*What is expected*. Lines outside the range are not wanted. Give again exactly the lines between the line holding "As part of its" and the line holding "VOLVO FH 500", inclusive, from the listing below.

Recorded information Block Start

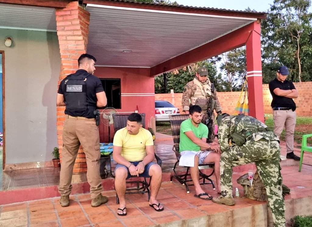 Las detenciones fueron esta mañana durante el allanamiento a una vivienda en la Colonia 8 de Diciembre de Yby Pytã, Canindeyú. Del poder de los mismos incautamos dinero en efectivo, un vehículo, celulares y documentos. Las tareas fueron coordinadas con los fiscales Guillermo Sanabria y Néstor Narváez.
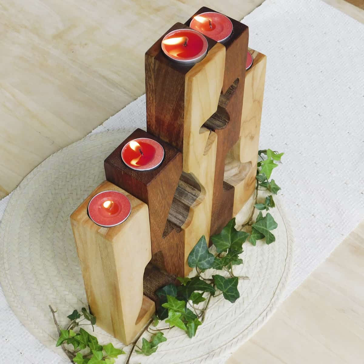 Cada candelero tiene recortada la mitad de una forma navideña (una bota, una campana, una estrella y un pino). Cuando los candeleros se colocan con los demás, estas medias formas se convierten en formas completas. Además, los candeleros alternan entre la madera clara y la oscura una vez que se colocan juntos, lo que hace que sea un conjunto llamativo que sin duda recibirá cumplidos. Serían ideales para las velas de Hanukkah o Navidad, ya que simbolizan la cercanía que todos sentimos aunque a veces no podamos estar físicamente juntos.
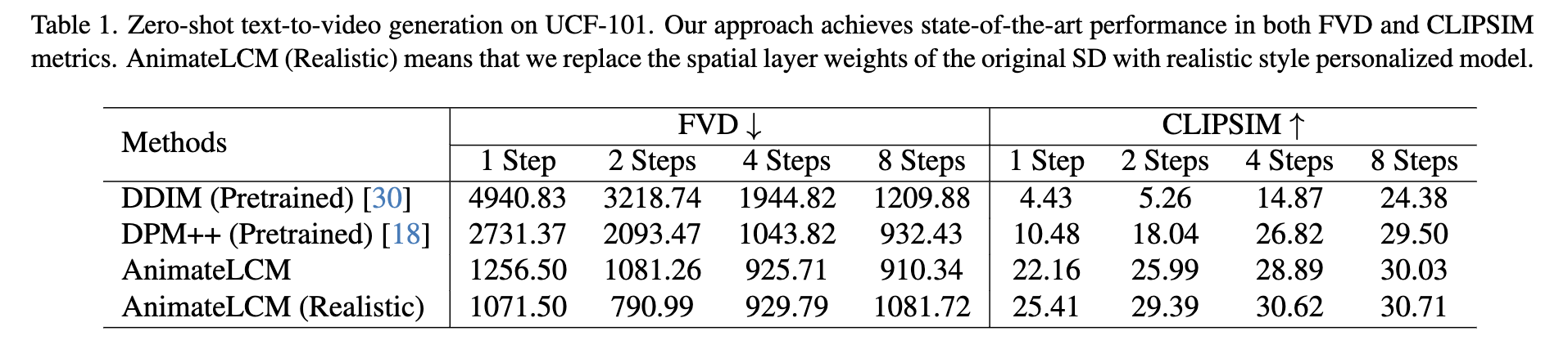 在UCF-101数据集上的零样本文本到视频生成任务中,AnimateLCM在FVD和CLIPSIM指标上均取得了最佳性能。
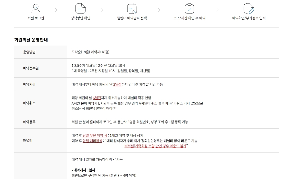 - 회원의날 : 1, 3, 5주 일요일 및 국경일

Recorded information Block End
Recorded information Block Start

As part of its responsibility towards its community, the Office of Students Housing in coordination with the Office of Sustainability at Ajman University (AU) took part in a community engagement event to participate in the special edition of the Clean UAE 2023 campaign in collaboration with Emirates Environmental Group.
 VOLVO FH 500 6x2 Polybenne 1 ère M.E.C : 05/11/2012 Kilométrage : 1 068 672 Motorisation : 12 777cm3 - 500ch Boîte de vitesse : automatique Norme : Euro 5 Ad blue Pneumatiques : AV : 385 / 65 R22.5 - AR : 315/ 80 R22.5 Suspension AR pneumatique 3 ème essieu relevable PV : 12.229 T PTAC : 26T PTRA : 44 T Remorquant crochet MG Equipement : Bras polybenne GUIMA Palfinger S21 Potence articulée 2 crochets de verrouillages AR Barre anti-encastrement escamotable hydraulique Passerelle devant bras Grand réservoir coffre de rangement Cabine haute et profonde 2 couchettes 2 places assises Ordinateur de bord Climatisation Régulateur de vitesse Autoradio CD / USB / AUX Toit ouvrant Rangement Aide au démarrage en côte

Recorded information Block End

*Exercise output*.
As part of its responsibility towards its community, the Office of Students Housing in coordination with the Office of Sustainability at Ajman University (AU) took part in a community engagement event to participate in the special edition of the Clean UAE 2023 campaign in collaboration with Emirates Environmental Group.
 VOLVO FH 500 6x2 Polybenne 1 ère M.E.C : 05/11/2012 Kilométrage : 1 068 672 Motorisation : 12 777cm3 - 500ch Boîte de vitesse : automatique Norme : Euro 5 Ad blue Pneumatiques : AV : 385 / 65 R22.5 - AR : 315/ 80 R22.5 Suspension AR pneumatique 3 ème essieu relevable PV : 12.229 T PTAC : 26T PTRA : 44 T Remorquant crochet MG Equipement : Bras polybenne GUIMA Palfinger S21 Potence articulée 2 crochets de verrouillages AR Barre anti-encastrement escamotable hydraulique Passerelle devant bras Grand réservoir coffre de rangement Cabine haute et profonde 2 couchettes 2 places assises Ordinateur de bord Climatisation Régulateur de vitesse Autoradio CD / USB / AUX Toit ouvrant Rangement Aide au démarrage en côte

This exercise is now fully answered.